Onde posso aprender mais sobre budismo?
Acesso ao Insight
O site Acesso ao Insight possui texto e guias de estudo tanto para principiantes como para praticante avançados, além de uma enorme coleção de suttas e livros diversos traduzidos para o português. Abaixo um link para o guia de estudos recomendados para principiantes onde você vai poder encontrar tudo que precisa saber sobre o budismo em geral e sobre a tradição Theravada.

Lista de Centros e Sites de Budismo Theravada no Brasil e em Portugal
O site Dhamma da Floresta possui uma lista completa com todos os sites, centros de meditação Theravada no Brasil e em Portugal além de livros para download gratuito em português.

Nalanda – Sala de Estudos
O site Nalanda possui uma grande variedade de artigos que abordam o relacionamento entre o budismo e questões contemporâneas.

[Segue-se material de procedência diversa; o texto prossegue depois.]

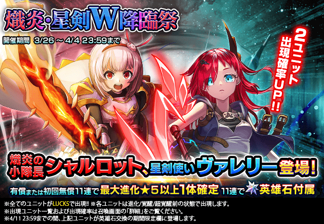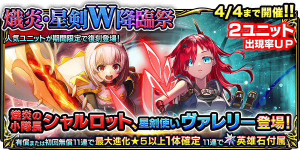 下記の期間、『熾炎の小隊長シャルロット』、『星剣使いヴァレリー』が登場する英雄召喚『熾炎・星剣W降臨祭』を開催します。

Tenho muitas dúvidas sobre budismo. Como podem me ajudar?
Venha nos visitar pessoalmente. Não julgamos apropriado fazer muitos esclarecimentos por mensagens eletrônicas pois é difícil avaliar a pessoa com quem estamos conversando para então dar a melhor resposta possível. Tomamos o ensinamento do Buddha muito a sério e julgamos que vale a pena ir pessoalmente a um lugar específico para fazer contato com ele, ao invés de apenas sentar em frente um computador e teclar perguntas. Estamos cientes de que muitos moram longe e não têm a possibilidade de vir pessoalmente, mas nós também temos nossos limites e não podemos estar disponível para todas as pessoas, o tempo todo. Também é importante ressaltar que o budismo é uma filosofia muito extensa e profunda, não é de uma só olhada que você será capaz de aprender tudo. Muitas vezes o que é necessário é ter um pouco de paciência e ir aos poucos pesquisando, praticando e fazendo contato com outros budistas até todas suas dúvidas sejam esclarecidas.
Como faço para tornar-me monge/monja?
Onde virar monge/monja?
Atualmente não é possível a um(a) brasileiro(a) se ordenar caso não fale inglês pois nosso mosteiro ainda não está aberto a receber candidatos à ordenação. Em Portugal há um monastério mas é difícil conseguir um visto de residência para morar na Europa, portanto essa alternativa é inviável para a maioria das pessoas. A única alternativa possível aos brasileiros é a Ásia, nominalmente: Tailândia, Sri Lanka e Myanmar. O que significa que você deve encontrar um monastério que ensine em inglês num destes países ou aprender a língua local. Ou seja, aprender a falar inglês é a tarefa número um que deve ser realizada antes de sequer querer se preocupar com qualquer outra etapa desse processo. Também existe pelo menos um curso de tailandês em língua portuguesa, mas não temos notícias de curso de singalês ou birmanês.

Para homens:

      • Wat Marp Jan (http://watmarpjan.org/) O abade se chama Ajahn Anan, há vários monges estrangeiros morando lá.
      • Wat Bonnyawad (http://www.watboonyawad.com) Monastério de Ajahn Tan, o número de estrangeiros é menor, mas há sempre pelo menos um monge disponível que cumpre a tarefa de tradutor.
      • Wat Pah Nanachat (www.watpahnanachat.org) É um bom monastério, mas só há ocidentais e em sua maioria europeus ou norte-americanos. O lado ruim disso é que morando lá há pouco contato com monges tailandeses.

Para mulheres:

O site bhikkhuni.net tem um diretório de muitos monastérios na Ásia onde é possível encontrar ordenação como bhilkkhuni, basta acessar esse link: http://www.bhikkhuni.net/directory/

Como é a vida monástica?
Em primeiro lugar, é preciso explicar que “monge/monja” dentro do budismo Theravada significa “monástico”, ou seja, uma pessoa que se dedica a uma vida de celibato, simplicidade e reclusão. Deveria ser óbvio, mas infelizmente não é – já a algum tempo algumas tradições budistas abondaram o monasticismo mas não abondaram o termo “monge/monja”, o que gera uma considerável quantidade de confusão e mal-entendido.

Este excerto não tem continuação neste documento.